*Exercise instructions*
Output each record verbatim, with pictures left out.

*Input for this task*
*** Begin section ***
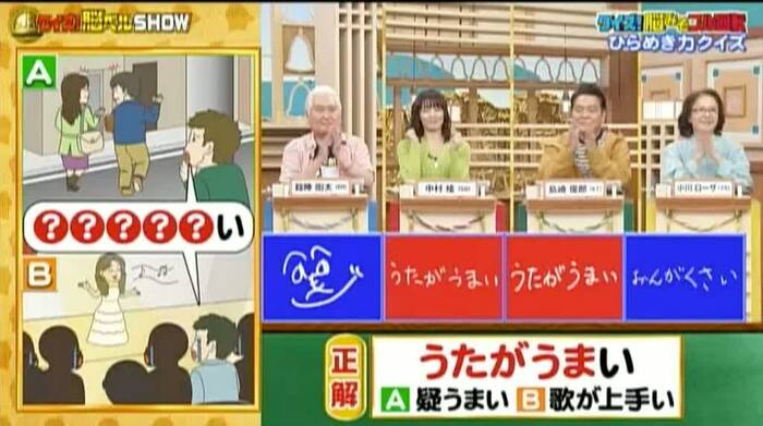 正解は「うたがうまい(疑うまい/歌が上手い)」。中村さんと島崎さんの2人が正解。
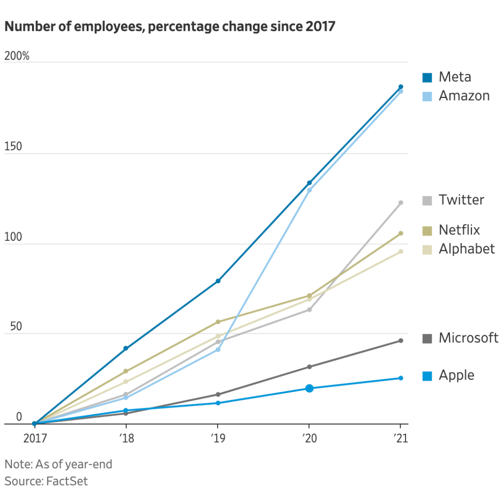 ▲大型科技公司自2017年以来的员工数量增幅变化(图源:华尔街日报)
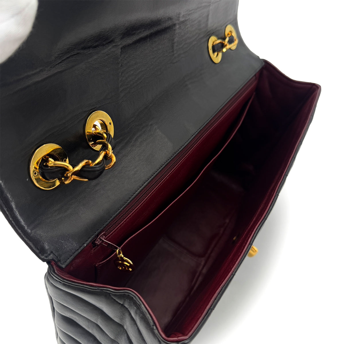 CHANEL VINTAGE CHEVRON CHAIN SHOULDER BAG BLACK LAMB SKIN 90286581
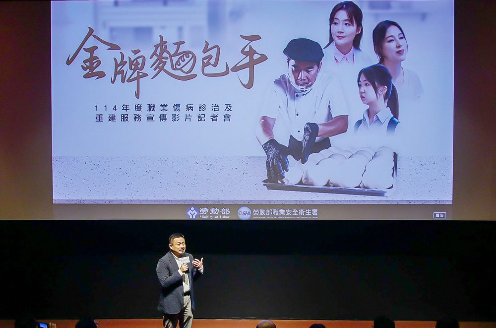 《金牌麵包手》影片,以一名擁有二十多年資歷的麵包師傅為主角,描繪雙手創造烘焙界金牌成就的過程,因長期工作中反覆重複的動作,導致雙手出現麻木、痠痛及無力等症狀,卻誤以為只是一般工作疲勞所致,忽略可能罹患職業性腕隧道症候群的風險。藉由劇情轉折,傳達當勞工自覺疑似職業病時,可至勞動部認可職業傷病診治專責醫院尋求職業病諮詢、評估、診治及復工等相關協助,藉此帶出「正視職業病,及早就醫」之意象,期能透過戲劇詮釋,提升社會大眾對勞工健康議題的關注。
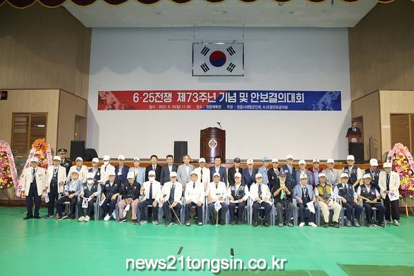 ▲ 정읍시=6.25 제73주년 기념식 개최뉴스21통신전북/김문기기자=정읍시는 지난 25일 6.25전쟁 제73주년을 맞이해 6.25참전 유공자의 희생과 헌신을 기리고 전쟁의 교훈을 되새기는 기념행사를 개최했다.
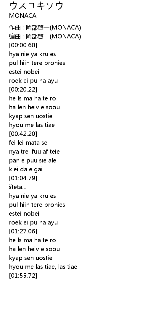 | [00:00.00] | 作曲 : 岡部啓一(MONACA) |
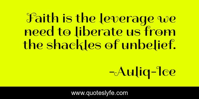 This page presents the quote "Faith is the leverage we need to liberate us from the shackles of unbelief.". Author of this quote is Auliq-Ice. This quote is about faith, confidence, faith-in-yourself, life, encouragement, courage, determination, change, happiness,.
*** End section ***
*Reply*
 正解は「うたがうまい(疑うまい/歌が上手い)」。中村さんと島崎さんの2人が正解。
 ▲大型科技公司自2017年以来的员工数量增幅变化(图源:华尔街日报)
 CHANEL VINTAGE CHEVRON CHAIN SHOULDER BAG BLACK LAMB SKIN 90286581
 《金牌麵包手》影片,以一名擁有二十多年資歷的麵包師傅為主角,描繪雙手創造烘焙界金牌成就的過程,因長期工作中反覆重複的動作,導致雙手出現麻木、痠痛及無力等症狀,卻誤以為只是一般工作疲勞所致,忽略可能罹患職業性腕隧道症候群的風險。藉由劇情轉折,傳達當勞工自覺疑似職業病時,可至勞動部認可職業傷病診治專責醫院尋求職業病諮詢、評估、診治及復工等相關協助,藉此帶出「正視職業病,及早就醫」之意象,期能透過戲劇詮釋,提升社會大眾對勞工健康議題的關注。
 ▲ 정읍시=6.25 제73주년 기념식 개최뉴스21통신전북/김문기기자=정읍시는 지난 25일 6.25전쟁 제73주년을 맞이해 6.25참전 유공자의 희생과 헌신을 기리고 전쟁의 교훈을 되새기는 기념행사를 개최했다.
 | [00:00.00] | 作曲 : 岡部啓一(MONACA) |
 This page presents the quote "Faith is the leverage we need to liberate us from the shackles of unbelief.". Author of this quote is Auliq-Ice. This quote is about faith, confidence, faith-in-yourself, life, encouragement, courage, determination, change, happiness,.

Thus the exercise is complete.